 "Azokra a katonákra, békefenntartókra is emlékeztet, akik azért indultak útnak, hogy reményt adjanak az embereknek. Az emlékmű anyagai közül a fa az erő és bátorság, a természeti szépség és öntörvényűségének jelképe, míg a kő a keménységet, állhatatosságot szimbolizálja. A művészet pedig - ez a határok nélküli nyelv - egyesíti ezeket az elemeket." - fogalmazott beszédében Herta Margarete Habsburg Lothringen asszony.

--

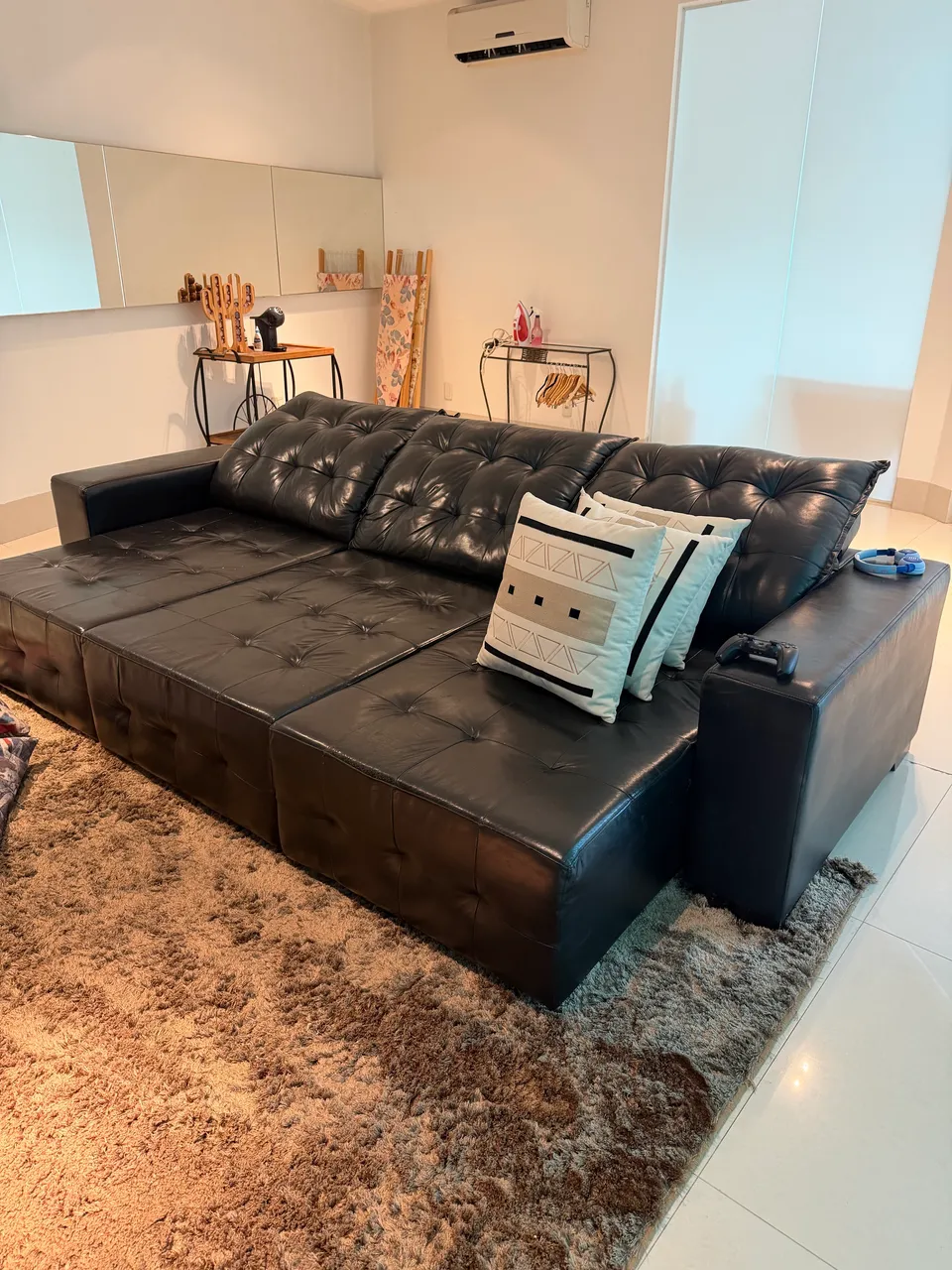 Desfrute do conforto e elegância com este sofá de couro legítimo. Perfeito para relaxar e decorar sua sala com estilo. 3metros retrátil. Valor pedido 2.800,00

--

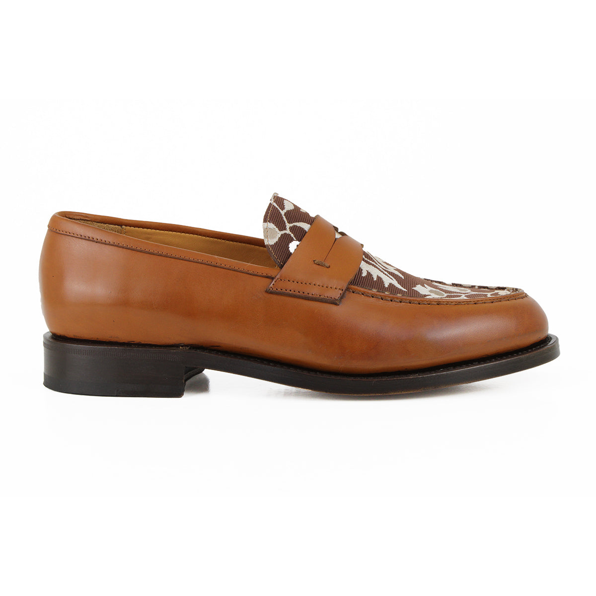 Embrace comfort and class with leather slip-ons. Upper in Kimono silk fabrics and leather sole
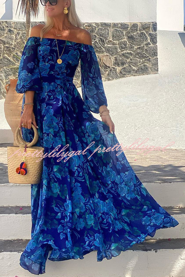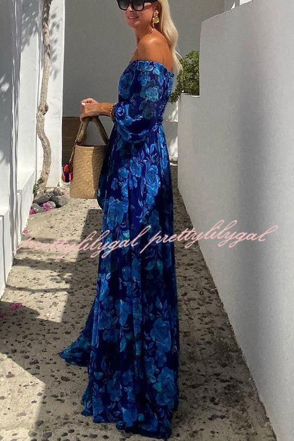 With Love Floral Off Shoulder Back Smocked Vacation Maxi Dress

--

> _EXERCISE_
Nothing but the lines above from the line with "Embrace comfort and" up to and including the line with "With Love Floral" should be returned, exactly as written and without pictures.

> _ANSWER SPACE_
 Embrace comfort and class with leather slip-ons. Upper in Kimono silk fabrics and leather sole
 With Love Floral Off Shoulder Back Smocked Vacation Maxi Dress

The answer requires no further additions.